Over time, we wanted more than just a more flexible interface; we wanted an entire framework from which we could build operations in the BLAS as well as those not present within the BLAS. After this new BLIS framework was created, it turned out that the interface improvements were much less interesting (albeit still of consequence) than some of the framework's other features, and the fact that it allowed developers to rapidly instantiate new BLAS libraries by optimizing only a small amount of code.
BLIS has numerous advantages to existing BLAS implementations. Many of these advantages are summarized on the BLIS homepage.
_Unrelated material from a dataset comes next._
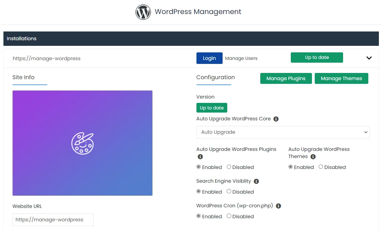 A very important feature that WordPress Manager offer's is to auto update your WordPress core, themes and plugins so that you get the latest features and security patches. This offers you a worry free WordPress experience where you can focus more on your business while the security patches are being automatically applied.
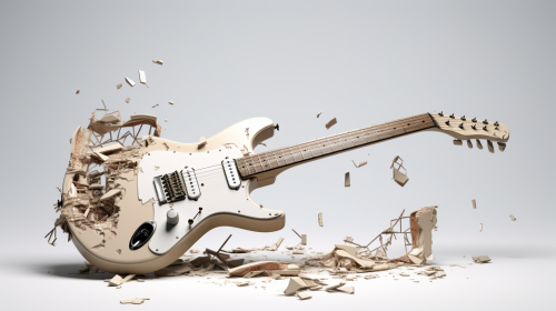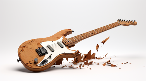 broken Ibanez electric guitar, splintered in pieces, set against a plain white backdrop, no shadows, 8k, 3d render, --ar 16:9

But here are a few reasons one might choose BLIS over some other implementation of BLAS:
- BLIS facilitates high performance while remaining very portable. BLIS isolates performance-sensitive code to a microkernel which contains only one loop and which, when optimized, accelerates virtually all level-3 operations. Thus, BLIS serves as a powerful tool for quickly instantiating BLAS on new or experimental hardware architectures, as well as a flexible "laboratory" in which to conduct research and experiments.
- BLIS provides robust multithreading support, allowing symmetric multicore/many-core parallelism via either OpenMP or POSIX threads. It also computes proper load balance for structured matrix subpartitions, regardless of the location of the diagonal, or whether the subpartition is lower- or upper-stored.
- BLIS supports a superset of BLAS functionality, providing operations omitted from the BLAS as well as some complex domain support that is missing in BLAS operations. BLIS is especially useful to researchers who need to develop and prototype new BLAS-like operations that do not exist in the BLAS.
- BLIS is backwards compatible with BLAS. BLIS contains a BLAS compatibility layer that allows an application to treat BLIS as if it were a traditional BLAS library.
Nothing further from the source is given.